Occorre, dunque, che gli adulti tornino a fare gli adulti, imparando ad ascoltarsi e a porre dei limiti prima a se stessi. Vi è necessità, inoltre, di iniziative concrete per il recupero di situazioni di svantaggio e prevenzione come l’attivazione di servizi di sostegno e promozione della salute e di assistenza psicologica. Tali interventi dovrebbero includere educazione emotiva, programmi per genitori e consulenze individualizzate. Bisogna ricercare la strategia educativa più idonea ed efficace nell'azione promozionale di educazione alla cittadinanza e di prevenzione e di contatto di contrasto ai fenomeni di violenza. Occorre, infatti, raggiungere non solo gli obiettivi di educativi ma favorire anche nei ragazzi una maturazione di stili relazionali positivi di abilità sociali favorendo lo sviluppo di competenze sociali e civiche.

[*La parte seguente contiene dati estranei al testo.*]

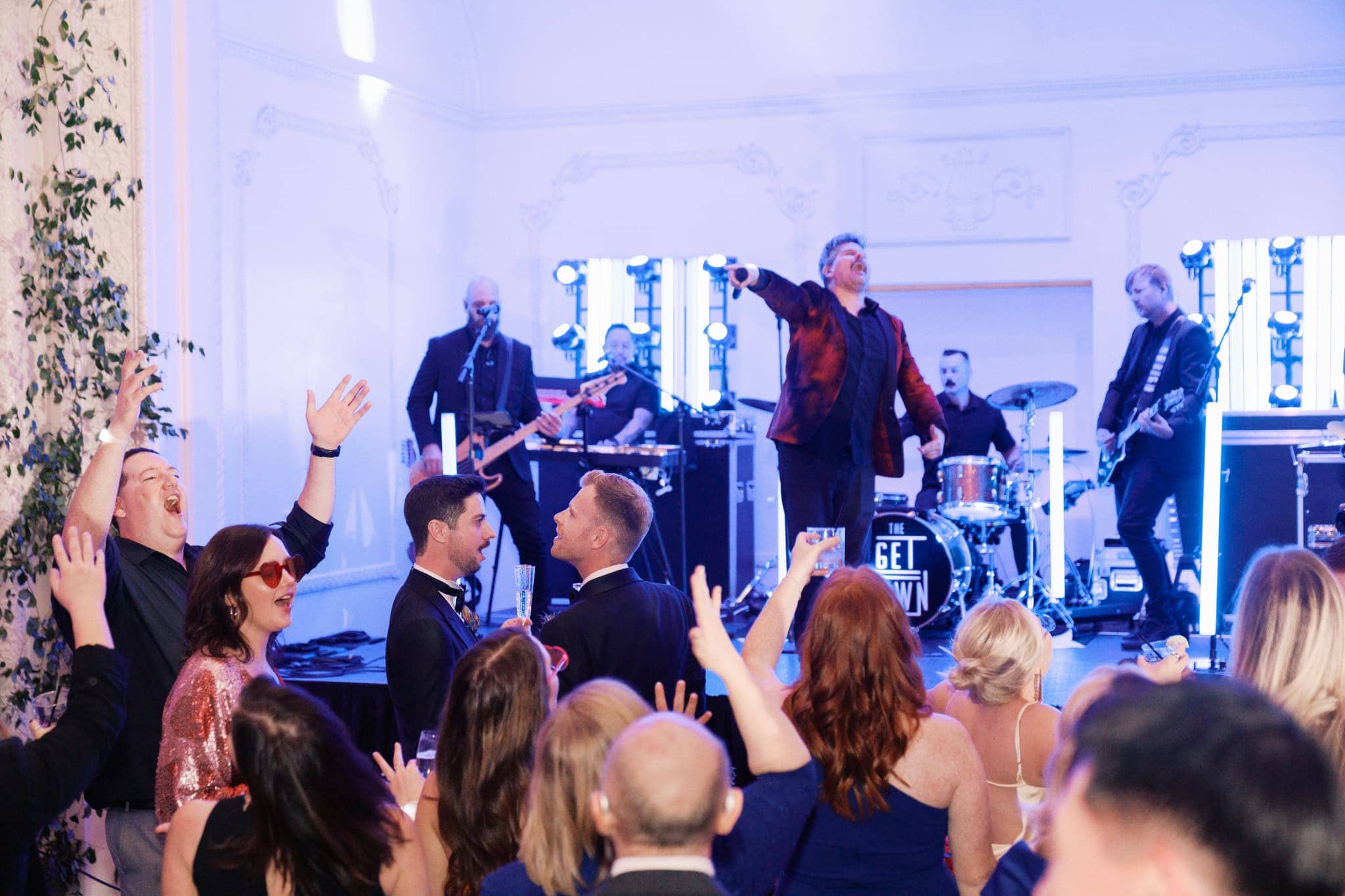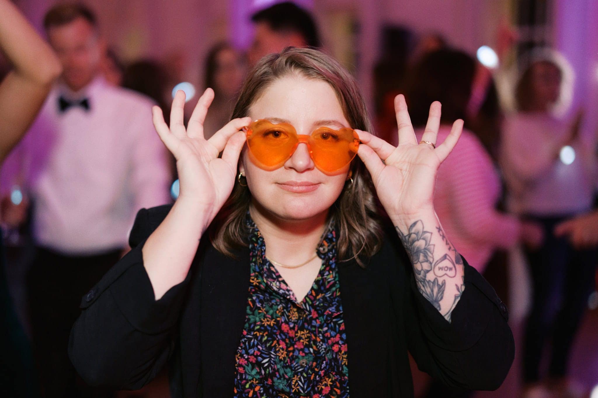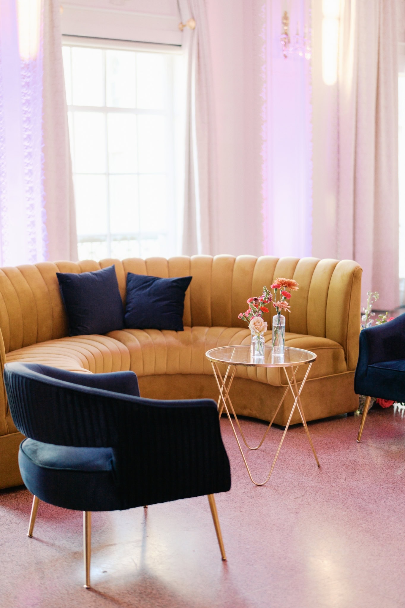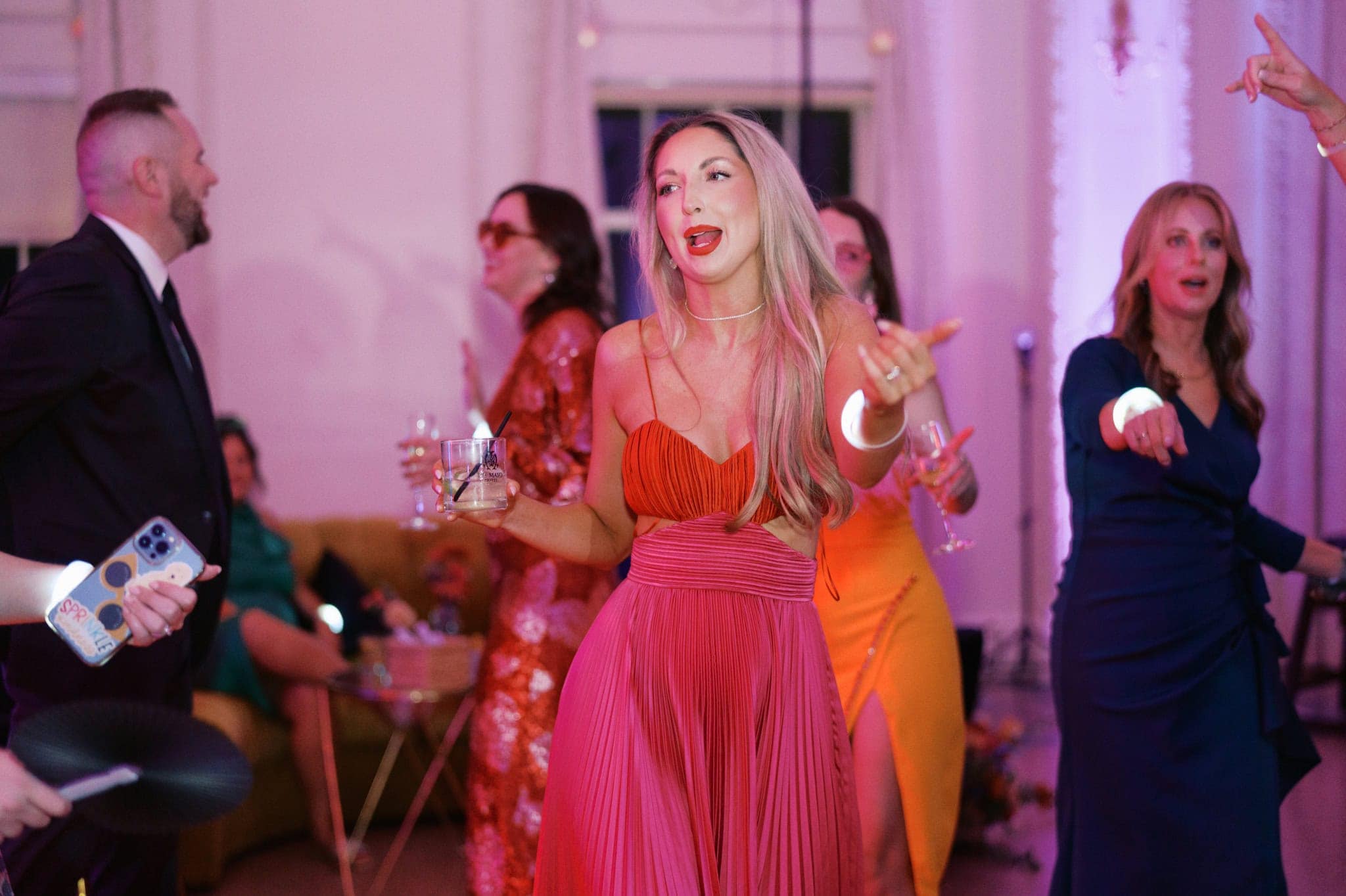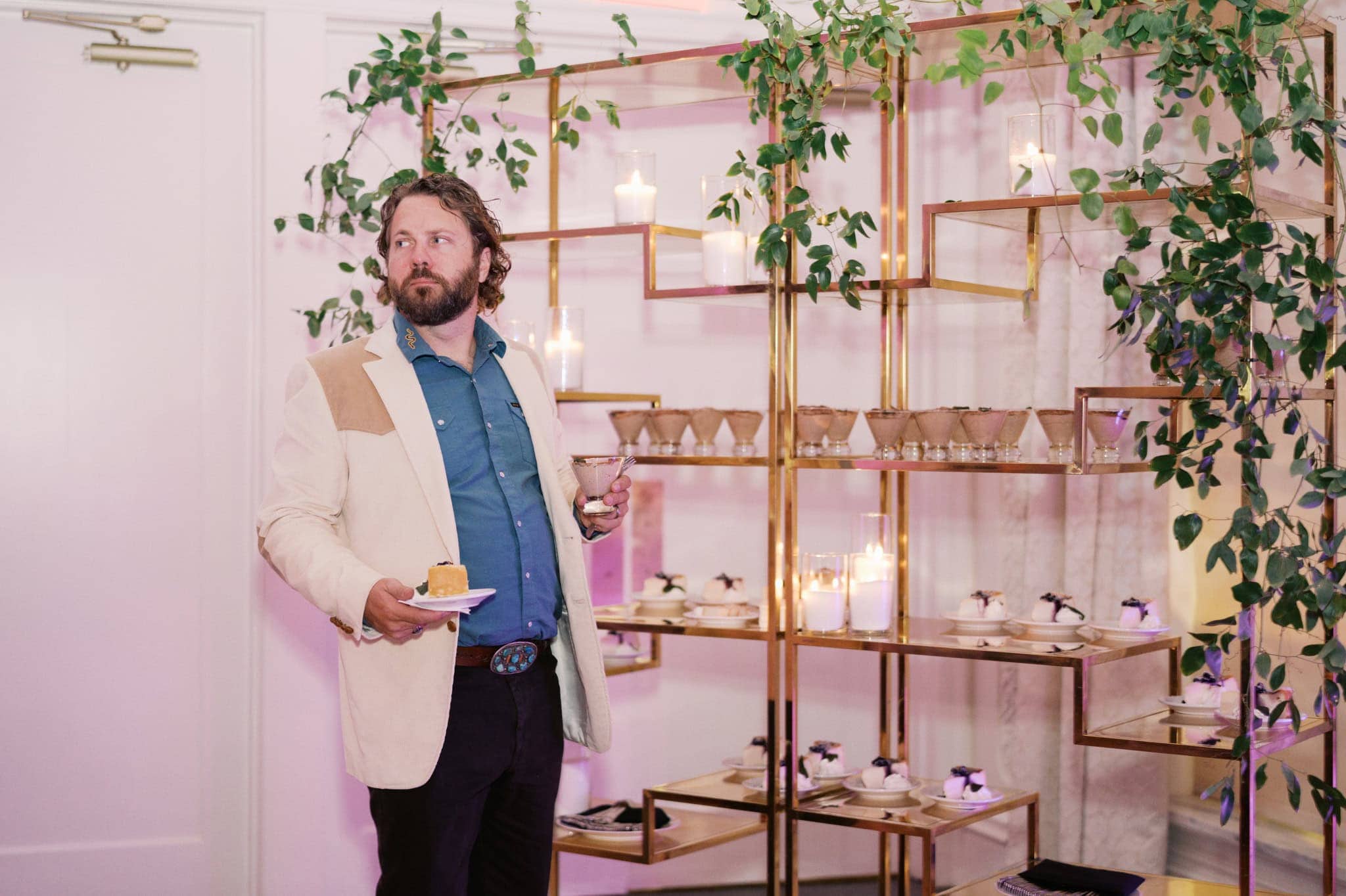 The reception brought the ballroom to life. Under a soft, romantic purple glow, The Mayo’s historic charm and dramatic windows transformed into something truly magical. Gold accents sparkled, flowers bloomed under candlelight, and a shelf filled with blueberry cheesecakes and desserts tempted every guest. One unforgettable touch? A live cigar roller, hand-rolling cigars on-site. It was equal parts performance, favor, and conversation starter. As the sun set, the string quartet gave way to a rocking live band, and the ballroom became a full-blown celebration. The dance floor stayed full until late into the night, when Brett & Ryan were swept into a whirlwind of streamers, sparklers, laughter, and love. Their wedding was more than beautiful. It was intentional, soulful, and deeply personal. From quiet rooftop moments to the rhythm of the dance floor, Brett & Ryan’s day was a celebration of love, partnership, and finding joy in the in-betweens.

“Solo unendo le forze di tutti gli attori sociali sarà possibile creare un ambiente sicuro e di fiducia, che aiuti i giovani a crescere in un clima di rispetto reciproco e solidarietà”, viene ribadito dall’ANPE, l’Associazione Nazionale dei Pedagogisti italiani.

● Annamaria Ascione - Psicoterapeuta - Anima Iris - membro comitato tecnico scientifico ASSIMEFAC (Associazione Società Scientifica di Medicina di Famiglia e Comunità)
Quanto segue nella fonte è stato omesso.